Seven Hills and A Queen to Name Them

Poem commissioned by ArtWorks, underwritten by The Johnson Foundation, and crafted by Chase Public.
Learn more about the making of the poem (click here).

 

I always say a prayer
when I see you through
the cut in the hill,
my drama Queen City.

You swam in bourbon and blues
and called your song the river.
I doused myself in your laughter.
Now I climb hilltop woods
and stone halos
to find an unabridged view.

You’re an artist until proven innocent.
I reached for your hand in a gallery
with a painting named Springtime.

You stood me in the northern light
of a Court Street window
and made a photograph.
You made away with me.

*******

Cincinnati was first spoken by the mouth
of the Licking, in a bend
of the good river, the Ohio.
A city lifted by the genius of water.

Who can know this place,
its streets laid out with the peculiar vision
of constellation charts? Let’s draw our own maps:
triangulate the bells of every parish,
sketch neighborhoods that overlap zip codes.
Buy a cone at every summertime stand,
blow a horn at every pawn shop,
eat barbecue and slaw at every smoker
while we sift through the small talk:
Which chili parlour? West side or east?
State or commonwealth? What high school?

Can anyone say where our city ends?
The Queen shares her crown
with the northern South
and all who call her home.
Our city’s limits are carved in hearts, not stone.

*******

The Queen dreamed out loud,

Mama’s gonna pull history from the buildings,
roll it out on the street for you to see
original brick, hidden under siding, under asphalt.
Story on story, hoisting us higher into history.

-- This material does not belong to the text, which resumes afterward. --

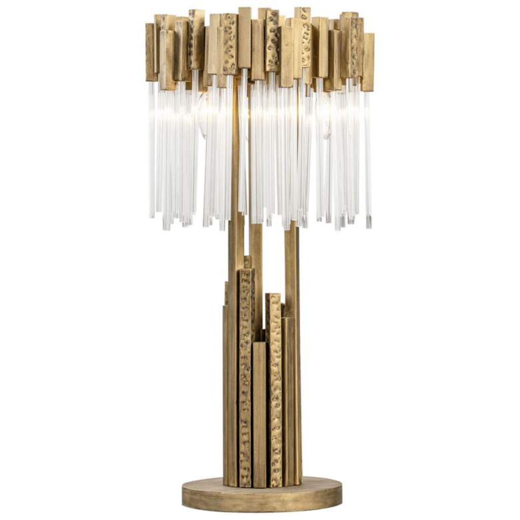 The Matrix stands 30 inches tall and 14 inches wide, with a base that matches that 14-inch width to provide a stable, grounded footprint on larger accent surfaces. At 29.6 pounds, the lamp’s weight is a direct reflection of its material quality — this is construction built for longevity, not portability. Three candelabra-base sockets require bulbs sold separately, and the Havana gold finish positions the Matrix naturally within modern glam, transitional, and contemporary interior schemes. Its scale makes it best suited to substantial surfaces — wide console tables, oversized nightstands, or statement sideboards — where its proportions can be fully appreciated rather than crowded.

Mama’s gonna open bar doors, stretch the taps out
to the sidewalk, pour drafts for drinkin’.
Light the sacred glass in blooms of stonework
and paint the streets like a beer bottle mosaic.

Mama’s gonna build a boat bigger than Noah’s,
a wheel and tall stacks, to whistle your name.
Plow the lonely barge lanes in winter
and hop-skip the river boat to boat when fireworks fly.

Mama wants to make it happen.
Mama’s doin’ it for you.

*******

Corn-fed pig town.
You taught me three-ways, goetta fests
and pony kegs. Bengal shouts in winter winds.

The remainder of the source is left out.